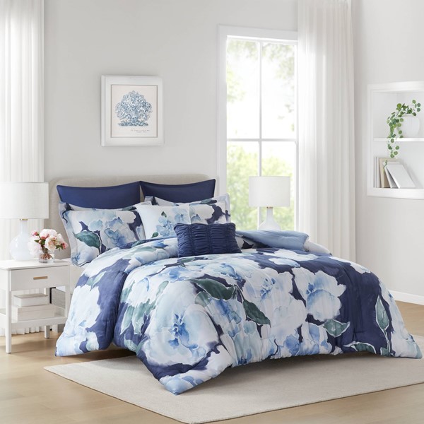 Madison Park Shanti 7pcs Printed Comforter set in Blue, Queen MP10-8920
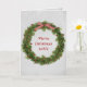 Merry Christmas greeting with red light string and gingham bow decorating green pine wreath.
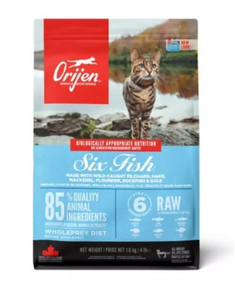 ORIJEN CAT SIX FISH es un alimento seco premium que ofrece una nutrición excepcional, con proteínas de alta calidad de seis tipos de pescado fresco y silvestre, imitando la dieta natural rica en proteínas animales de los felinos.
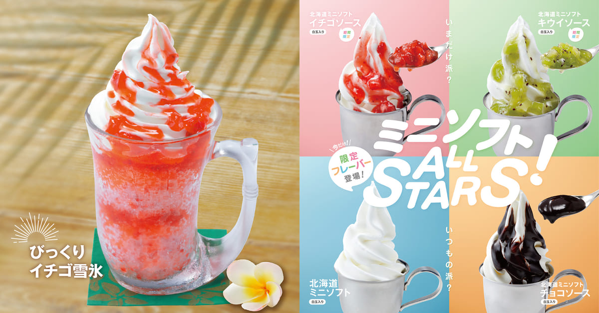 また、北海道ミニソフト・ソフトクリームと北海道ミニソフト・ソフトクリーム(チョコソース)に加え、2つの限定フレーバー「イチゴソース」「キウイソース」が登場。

PROBLEM DETAILS: Write out, please, the lines of the listing above from the one with "Merry Christmas greeting" through the very last, exactly as given and with no pictures.

FINAL ANSWER:
 Merry Christmas greeting with red light string and gingham bow decorating green pine wreath.
 ORIJEN CAT SIX FISH es un alimento seco premium que ofrece una nutrición excepcional, con proteínas de alta calidad de seis tipos de pescado fresco y silvestre, imitando la dieta natural rica en proteínas animales de los felinos.
 また、北海道ミニソフト・ソフトクリームと北海道ミニソフト・ソフトクリーム(チョコソース)に加え、2つの限定フレーバー「イチゴソース」「キウイソース」が登場。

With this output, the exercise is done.